The antimicrobial effects of garlic oils, especially on Gram-positive bacteria [36], are responsible for the reduction (p < 0.01) of total gas production (Figure 2) as well as feed digestibility (TDDM). Methane concentration (%) in the head space gas as well as the total methane production after 24 h fermentation was linearly reduced (p < 0.001) in response to graded doses of AS supplementation (

Table 4. Effects of graded doses of Allium sativum (AS) essential oils on in vitro gas production, truly degradable dry matter, methanogenesis and the fermentation characteristics of mixed feed substrate.

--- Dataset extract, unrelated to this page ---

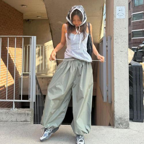 [옷자락] 여자 남자 벌룬 항아리핏 조거팬츠 나일론 밴딩 바지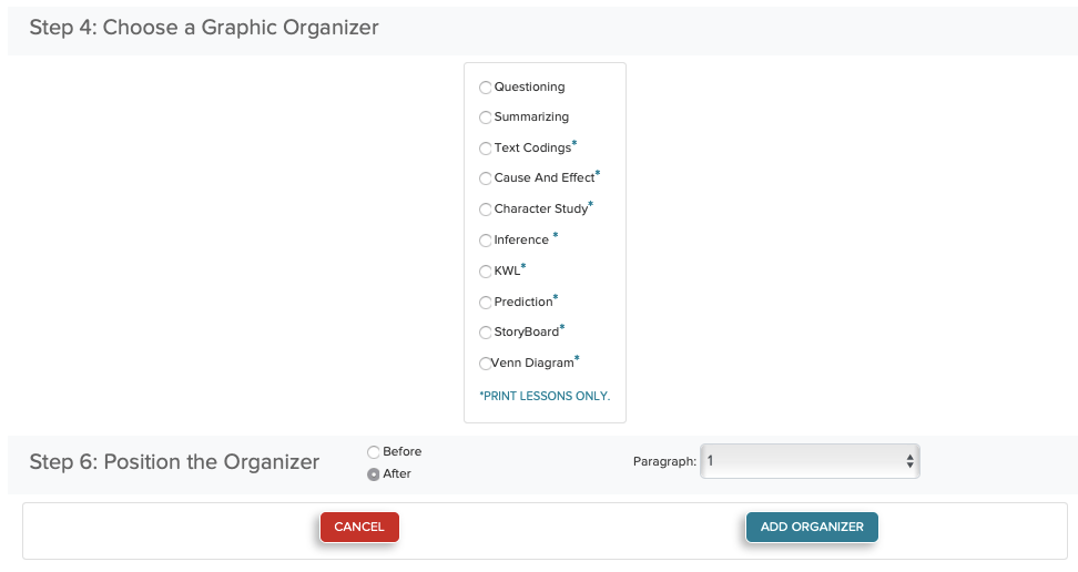 LessonWriter lets you choose the position any of the above graphic organizers anywhere in the reading: before, during or after specific paragraphs in a reading, allowing you to decide where your students need the most support.

Attributes	Control	AS-2	AS-5	AS-10	SEM	p Value
Total gas production
mL	95.15 c	72.23 b	65.90 ab	60.15 a	5.11	0.002
mL/g DM	211.69 c	161.45 bc	145.22 b	131.73 a	11.59	0.001
mL/g DMD	331.53 c	273.57 b	266.84 a	280.17 bc	10.20	0.020
Total methane production
Methane concentration, %	4.49 d	2.13 c	1.07 b	0.0 a	0.63	<0.001
Total methane, mL	4.28 d	1.54 c	0.70 b	0.0 a	0.62	<0.001
mL/g DM	9.52 d	3.44 c	1.54 b	0.0 a	1.37	<0.001
mL/g DMD	14.92 d	5.82 c	2.84 b	0.0 a	2.12	<0.001
TDDM, %	63.85 d	59.03 c	54.40 b	47.08 a	2.37	0.002
Ammonia N, mg/dl	21.00 b	19.60 b	18.90 b	13.30 a	1.12	0.001

Control, AS-2, AS-5 and AS-10 are the treatment groups @ 0.0, 2.0, 5.0 and 10.0 µL of pure AS (Sigma Aldrich Ltd., St. Louis, MO, USA) essential oil /60 mL of buffered rumen fluid (BRF), respectively. Mean values bearing a, b, c, d superscripts in a row vary significantly (p < 0.05).

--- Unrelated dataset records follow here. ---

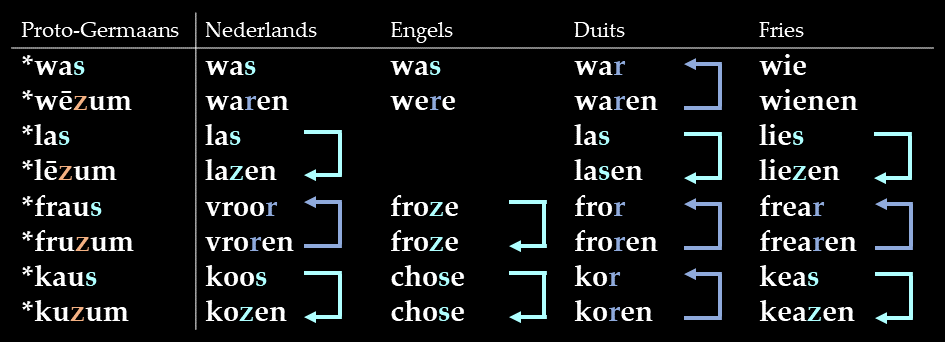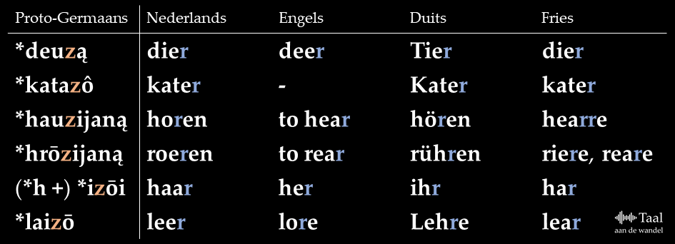 Op een bepaald moment veranderde in de voorloper van de Germaanse talen de /z/ in een /r/. Die verandering was wetmatig: in de regel werd elke /z/ een /r/. Veel hedendaagse woorden met een /r/ stammen van zo’n oud /z/-woord af. Hieronder vind je een aantal voorbeelden.2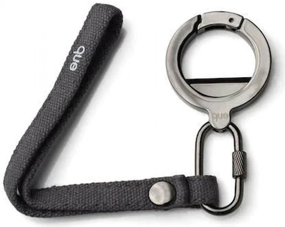 multifunkční klíčenka 3v1 pro každodenní použití s kovovou upevňovací karabinkou se šroubovacím uzávěrem, kroužkem na klíče, otvírákem na lahve a textilním šedým zápěstním poutkem
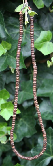Deze ketting is gemaakt van donker houten kralen. De ketting is ongeveer 54 cm lang en is voorzien van een zilverkleurige sluiting.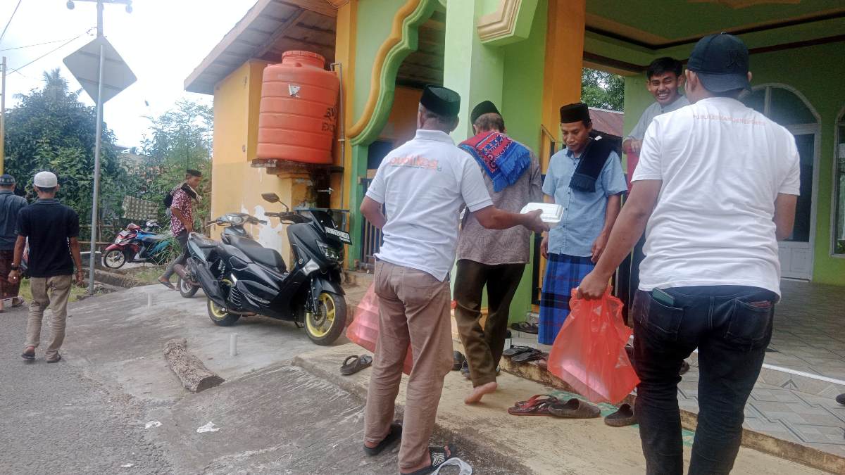 Jajaran Direksi dan Crew Manejemen membagikan sekitar 200 nasi dos kepada jamaah sholat Jum’at. Para jamaah tampak antusias menerima paket makanan yang dibagikan usai pelaksanaan ibadah.

). The antimicrobial efficacy of essential oils (EO) is due to various terpenoid and phenolic compounds, as well as the chemical constituents and functional groups contained in the EO [37]. Allicin, or diallyl sulphite, is the major phyto-active constituents of AS, having marked depression abilities towards enteropathogenic bacteria and rumen archaeal populations [11]. Thus, direct dose-dependent microbial inhibitory activities or alterations in the phylogenetic distribution of methanogenic archaea owing to associated protozoa population destructions were responsible [38] for the present experimental graded dose depression in methane production (Figure 3). This study gets support from the findings of other researchers [39,40,41,42], where garlic oils (Allium sativam) alone or in combination with other essential oils were examined to reduce methanogenesis in ruminants. In contrast, Kamel, et al. [43] did not find any inhibitory effect on in vitro methane production on supplementation of diallyl disulfide at any of the investigated dose levels (0.5. 5 and 1.0 mg/L) to a mixed ration.

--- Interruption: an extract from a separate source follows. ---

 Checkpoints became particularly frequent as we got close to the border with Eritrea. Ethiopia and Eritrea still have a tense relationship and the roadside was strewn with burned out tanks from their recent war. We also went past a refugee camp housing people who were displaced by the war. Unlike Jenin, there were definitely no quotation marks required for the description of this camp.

Moreover, ammonia-N concentrations were comparable (p > 0.05) in all AS supplementation groups (Table 3), except the highest dose (AS-10), where a reduction was evident (p < 0.01). Many researchers reported that essential oil supplementations resulted in a reduced population and diversity of hyper-ammonia-producing bacteria with a decrease in the rate of NH₃ production through compromising the deamination of dietary amino acids [44,45,46]. Cardozo, et al. [47], while investigating the effects of natural plant extracts in a concentrate-based diet on rumen fermentation, reported a reduction in ammonia-N concentration upon the supplementation of garlic oil at various dose levels (0.3, 3, 30, 300 mg/L). In contrast, an increased concentration of ammonia-N and unsaturated fatty acids without affecting the total VFA production was reported by Zhu, Mao and Zhu [34].

4. Conclusions

Although part of the composition of a basal diet, the bioactive compounds present in garlic oils and their levels of inclusion play an important role in modulating rumen functions, Allium sativam (Garlic) essential oils and the potential they have to be an agent used to reduce the rumen biohydrogenation of fatty acids and methanogenesis without affecting feed utilization. However, in vivo examination is necessary to validate the findings before they can be used as feed additives to enhance the nutraceutical and organoleptic properties of animal products.